### Problem:
Once the line holding "EPS-B5 Read Button" is found in the entries below, transcribe exactly every line up to and including the one holding "East Hardy High 2017", but leave out the pictures.

##### Data to use

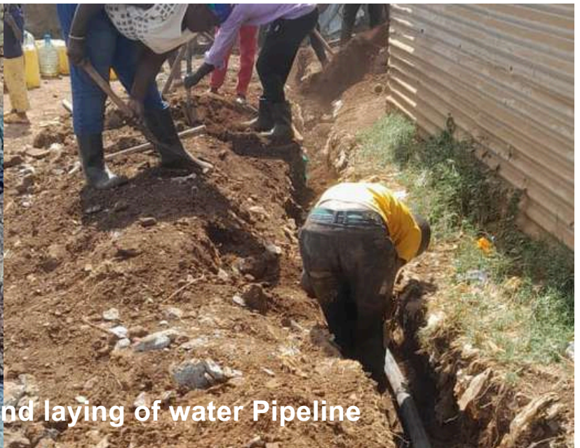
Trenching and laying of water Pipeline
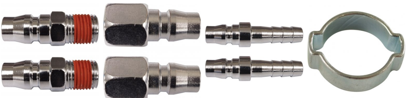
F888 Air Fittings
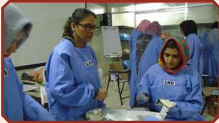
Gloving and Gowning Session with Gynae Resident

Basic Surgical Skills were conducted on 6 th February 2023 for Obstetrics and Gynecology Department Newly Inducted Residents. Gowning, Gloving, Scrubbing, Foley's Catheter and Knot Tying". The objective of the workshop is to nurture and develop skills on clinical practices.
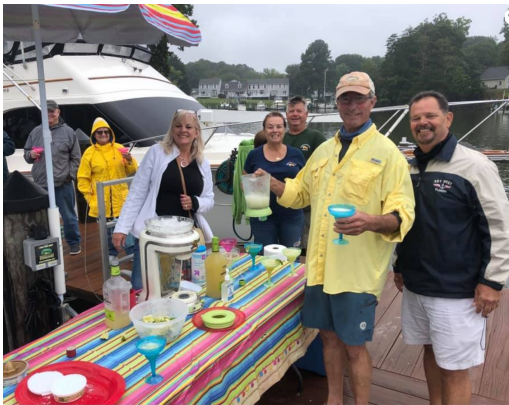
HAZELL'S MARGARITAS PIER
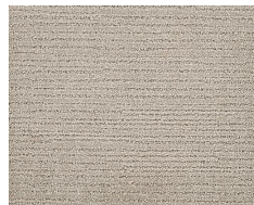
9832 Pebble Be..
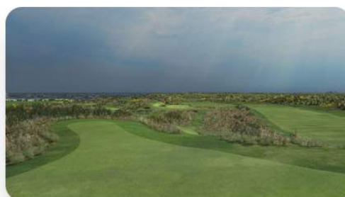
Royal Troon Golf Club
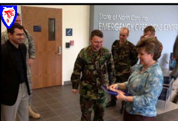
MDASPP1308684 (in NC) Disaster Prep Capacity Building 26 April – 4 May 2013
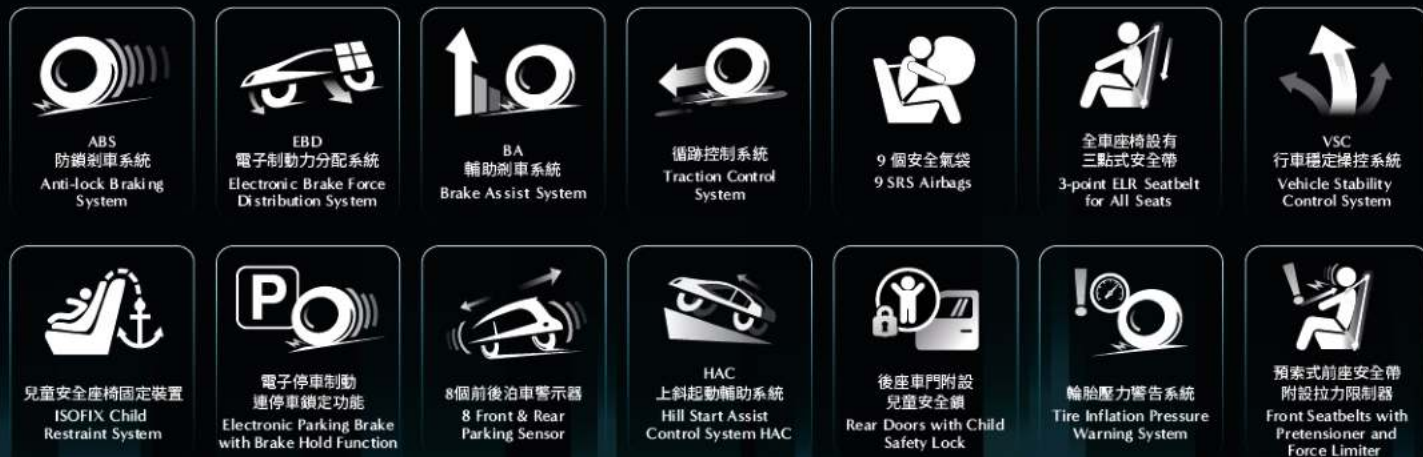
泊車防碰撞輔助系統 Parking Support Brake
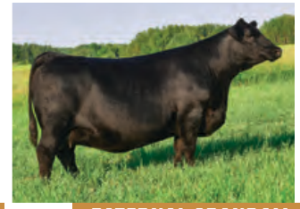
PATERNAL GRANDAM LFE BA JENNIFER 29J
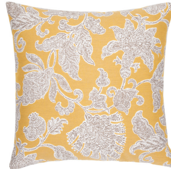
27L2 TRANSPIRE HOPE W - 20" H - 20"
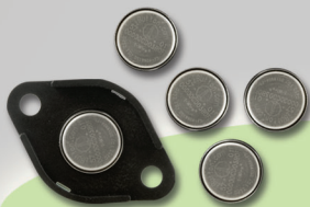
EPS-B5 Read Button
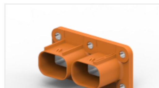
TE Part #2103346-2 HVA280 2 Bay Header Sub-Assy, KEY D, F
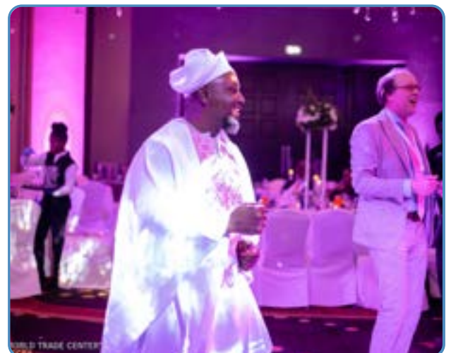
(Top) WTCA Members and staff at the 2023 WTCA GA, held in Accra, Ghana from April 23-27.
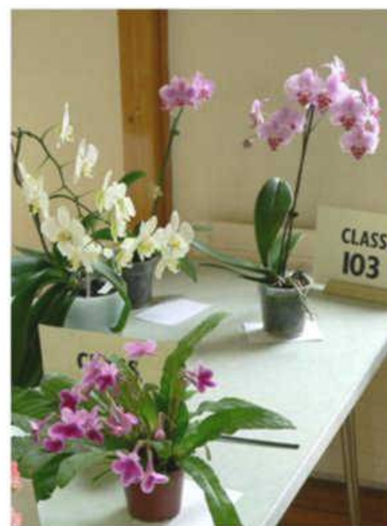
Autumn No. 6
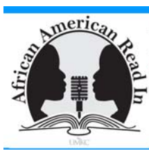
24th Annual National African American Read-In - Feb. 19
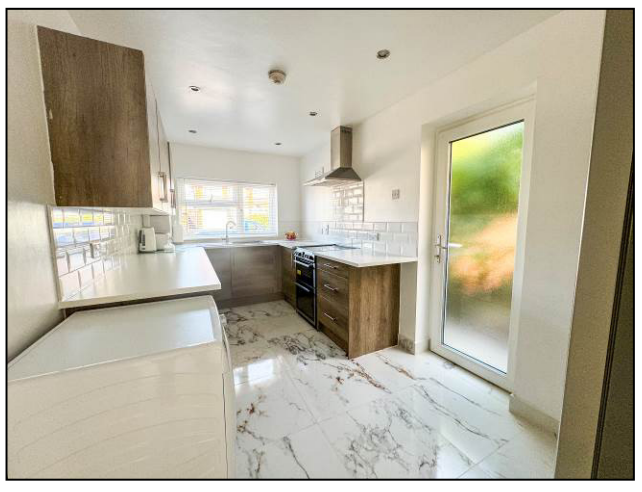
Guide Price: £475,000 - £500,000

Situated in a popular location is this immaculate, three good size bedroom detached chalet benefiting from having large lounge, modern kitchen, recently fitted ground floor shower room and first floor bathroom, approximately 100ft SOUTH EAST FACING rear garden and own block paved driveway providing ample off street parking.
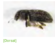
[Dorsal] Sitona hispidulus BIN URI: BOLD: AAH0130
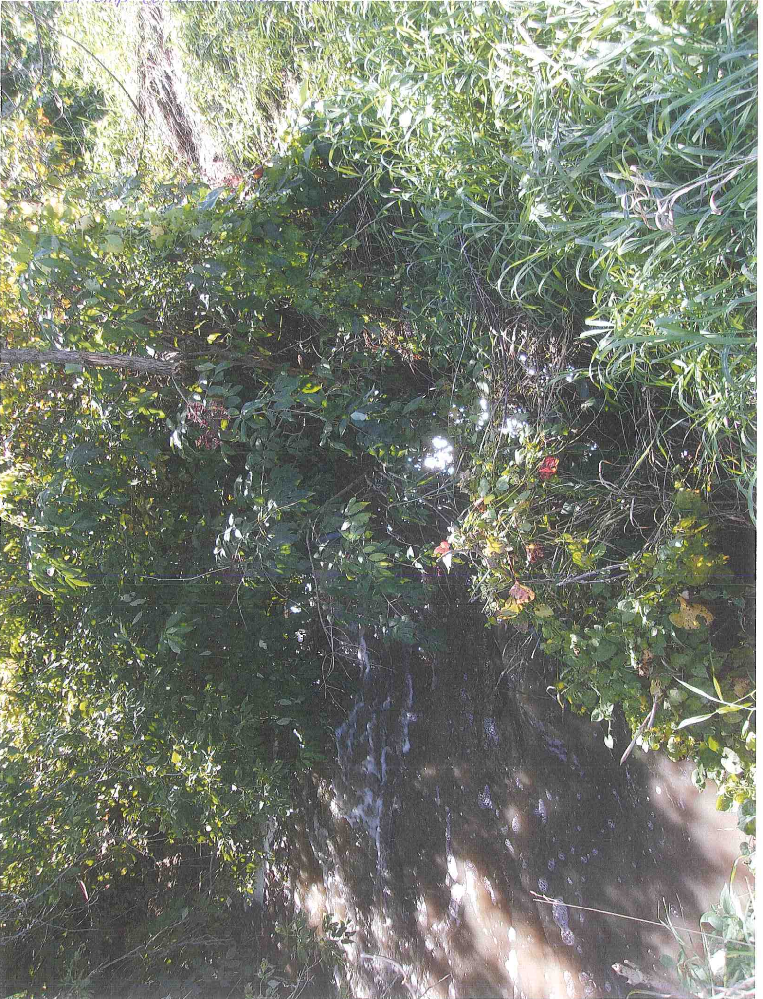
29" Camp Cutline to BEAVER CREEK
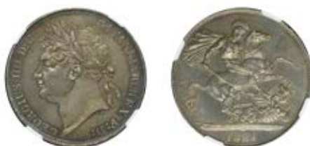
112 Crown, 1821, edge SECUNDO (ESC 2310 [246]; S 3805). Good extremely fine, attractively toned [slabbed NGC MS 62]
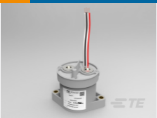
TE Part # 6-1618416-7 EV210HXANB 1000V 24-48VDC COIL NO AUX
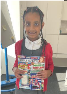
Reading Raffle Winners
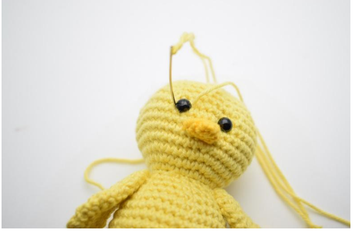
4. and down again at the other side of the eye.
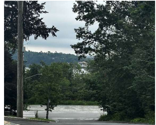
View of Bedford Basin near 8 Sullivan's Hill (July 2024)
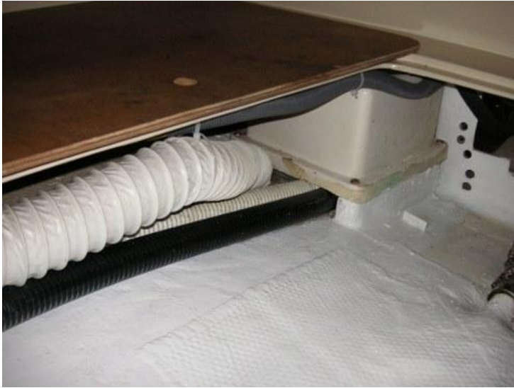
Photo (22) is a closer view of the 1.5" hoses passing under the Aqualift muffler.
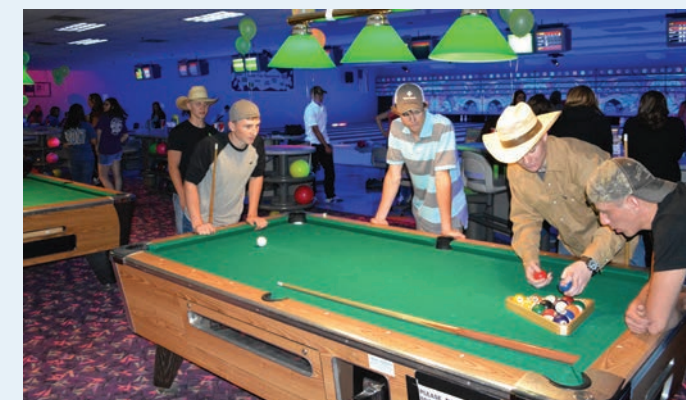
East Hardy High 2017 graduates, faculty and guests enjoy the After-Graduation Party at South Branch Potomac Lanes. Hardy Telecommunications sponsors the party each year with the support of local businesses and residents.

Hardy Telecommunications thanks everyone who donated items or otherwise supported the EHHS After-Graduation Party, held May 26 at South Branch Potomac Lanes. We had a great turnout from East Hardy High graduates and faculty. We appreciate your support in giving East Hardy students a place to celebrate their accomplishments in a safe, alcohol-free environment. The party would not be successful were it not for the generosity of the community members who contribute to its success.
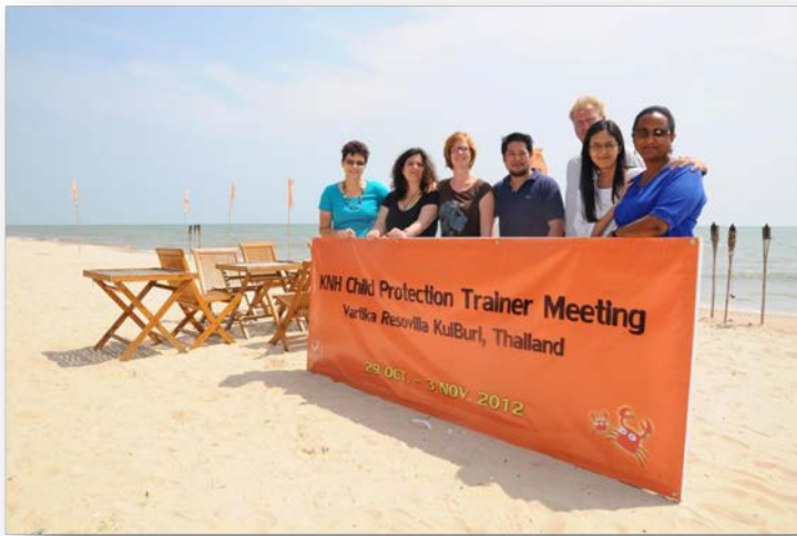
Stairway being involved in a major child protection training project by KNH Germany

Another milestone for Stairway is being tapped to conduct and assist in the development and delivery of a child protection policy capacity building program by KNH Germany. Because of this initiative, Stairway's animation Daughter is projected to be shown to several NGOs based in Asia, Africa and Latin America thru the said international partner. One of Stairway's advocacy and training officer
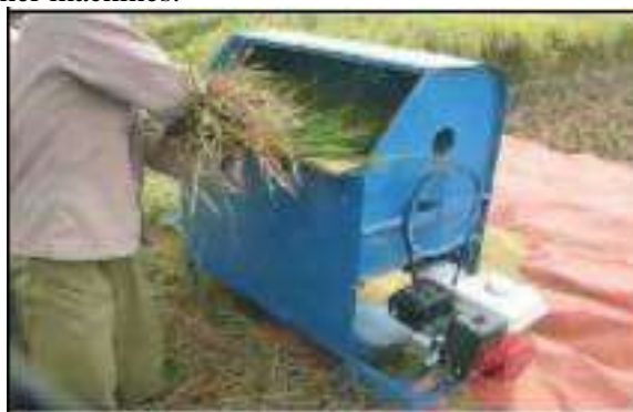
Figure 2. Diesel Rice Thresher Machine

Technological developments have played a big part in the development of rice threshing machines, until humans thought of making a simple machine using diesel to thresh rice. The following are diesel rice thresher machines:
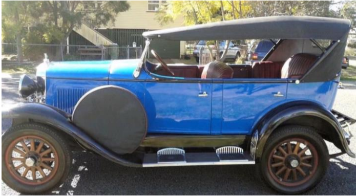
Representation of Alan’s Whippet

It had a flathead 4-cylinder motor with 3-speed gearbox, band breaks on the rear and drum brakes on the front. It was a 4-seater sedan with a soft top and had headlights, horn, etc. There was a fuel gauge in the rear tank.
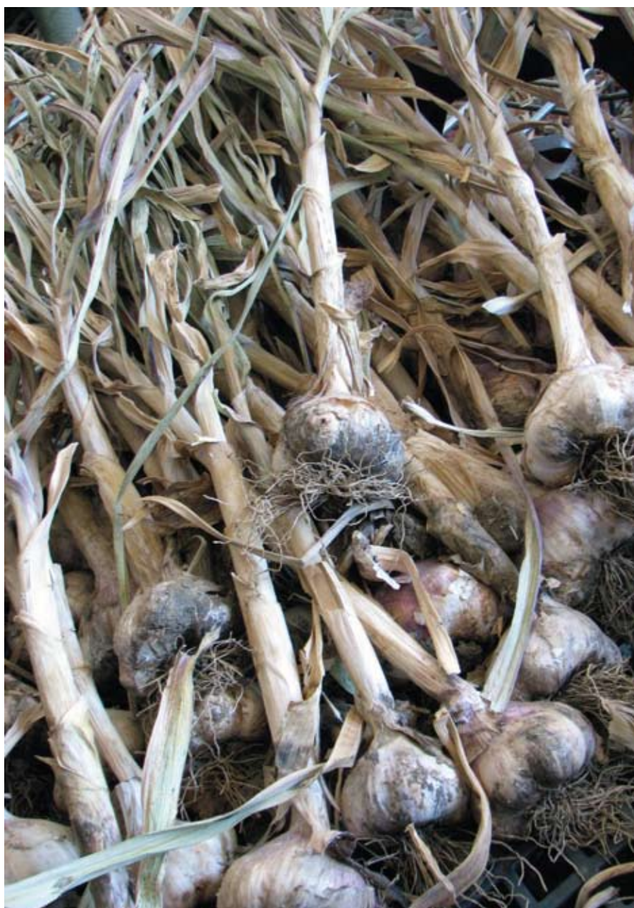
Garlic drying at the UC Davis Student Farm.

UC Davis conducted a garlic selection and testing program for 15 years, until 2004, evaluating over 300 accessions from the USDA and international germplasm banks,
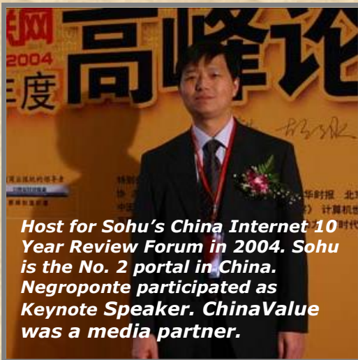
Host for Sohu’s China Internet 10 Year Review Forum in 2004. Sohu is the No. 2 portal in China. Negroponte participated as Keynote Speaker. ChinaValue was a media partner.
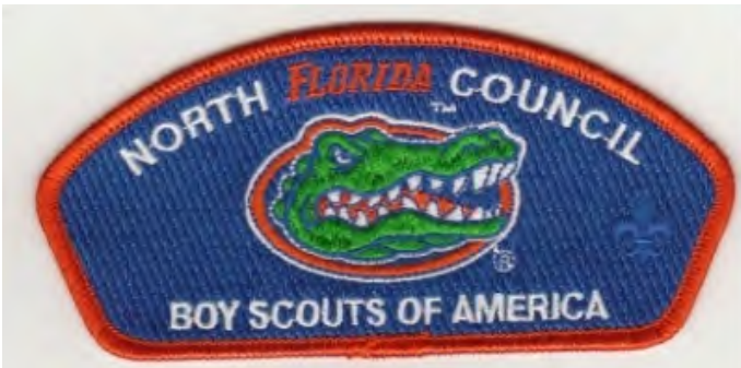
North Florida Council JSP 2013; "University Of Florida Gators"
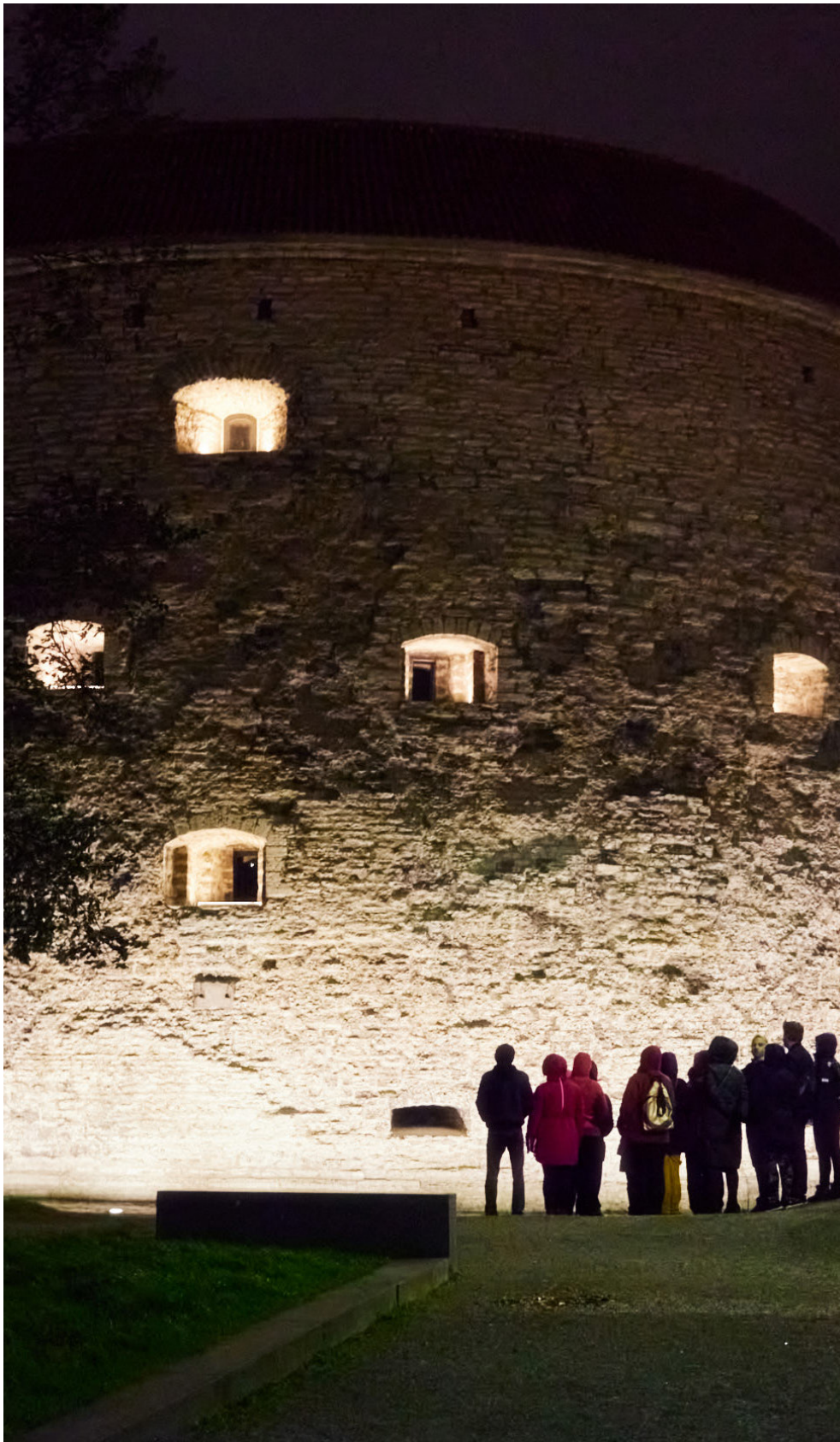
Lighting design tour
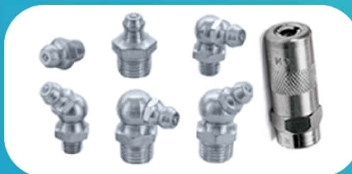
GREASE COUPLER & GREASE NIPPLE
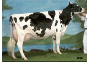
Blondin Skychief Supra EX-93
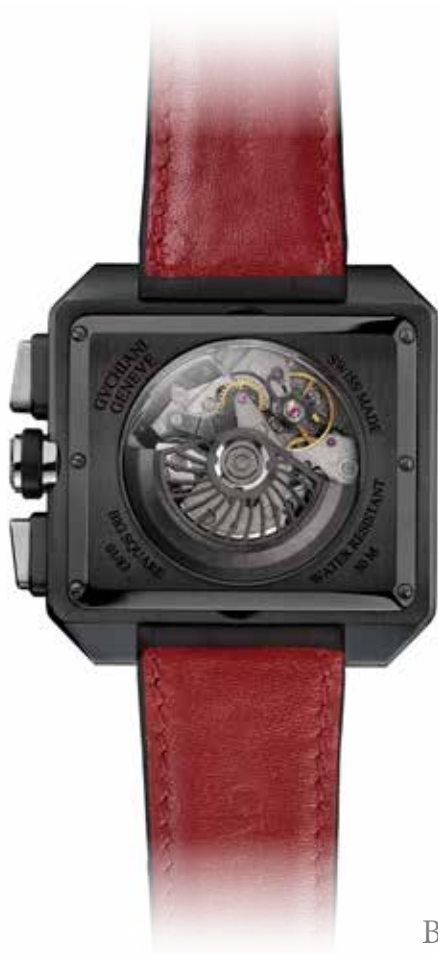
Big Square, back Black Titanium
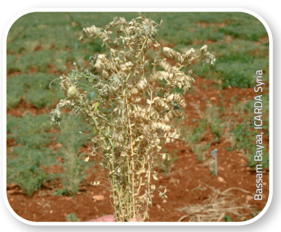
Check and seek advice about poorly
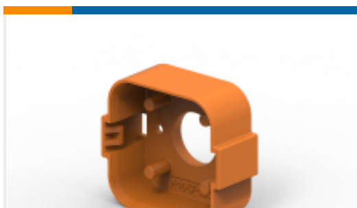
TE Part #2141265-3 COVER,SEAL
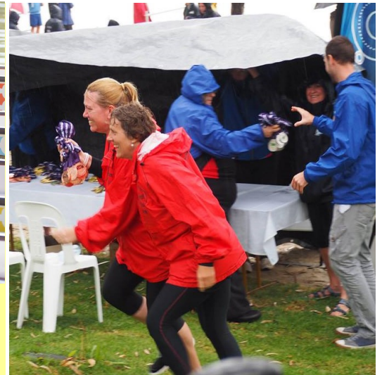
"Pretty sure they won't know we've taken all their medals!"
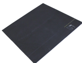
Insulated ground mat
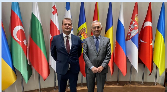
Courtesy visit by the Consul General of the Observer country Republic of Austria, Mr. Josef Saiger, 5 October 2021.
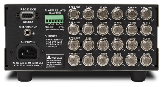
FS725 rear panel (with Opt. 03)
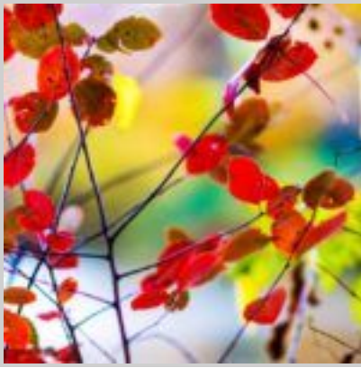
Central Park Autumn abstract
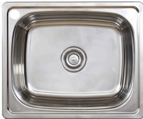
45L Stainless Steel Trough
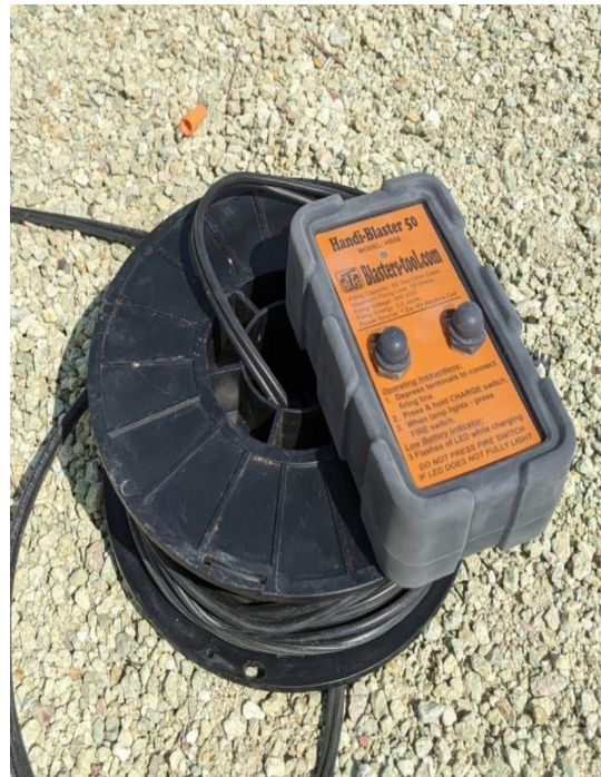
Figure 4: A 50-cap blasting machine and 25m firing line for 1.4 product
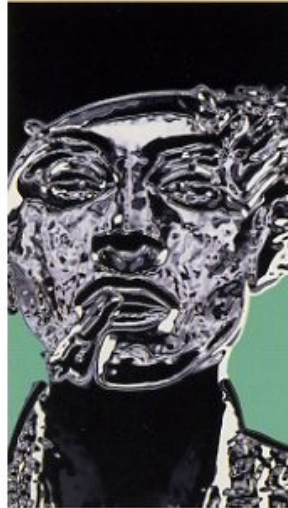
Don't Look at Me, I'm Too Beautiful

##########

### Written answer:
EPS-B5 Read Button
TE Part #2103346-2 HVA280 2 Bay Header Sub-Assy, KEY D, F
(Top) WTCA Members and staff at the 2023 WTCA GA, held in Accra, Ghana from April 23-27.
Autumn No. 6
24th Annual National African American Read-In - Feb. 19
Guide Price: £475,000 - £500,000

Situated in a popular location is this immaculate, three good size bedroom detached chalet benefiting from having large lounge, modern kitchen, recently fitted ground floor shower room and first floor bathroom, approximately 100ft SOUTH EAST FACING rear garden and own block paved driveway providing ample off street parking.
[Dorsal] Sitona hispidulus BIN URI: BOLD: AAH0130
29" Camp Cutline to BEAVER CREEK
112 Crown, 1821, edge SECUNDO (ESC 2310 [246]; S 3805). Good extremely fine, attractively toned [slabbed NGC MS 62]
TE Part # 6-1618416-7 EV210HXANB 1000V 24-48VDC COIL NO AUX
Reading Raffle Winners
4. and down again at the other side of the eye.
View of Bedford Basin near 8 Sullivan's Hill (July 2024)
Photo (22) is a closer view of the 1.5" hoses passing under the Aqualift muffler.
East Hardy High 2017 graduates, faculty and guests enjoy the After-Graduation Party at South Branch Potomac Lanes. Hardy Telecommunications sponsors the party each year with the support of local businesses and residents.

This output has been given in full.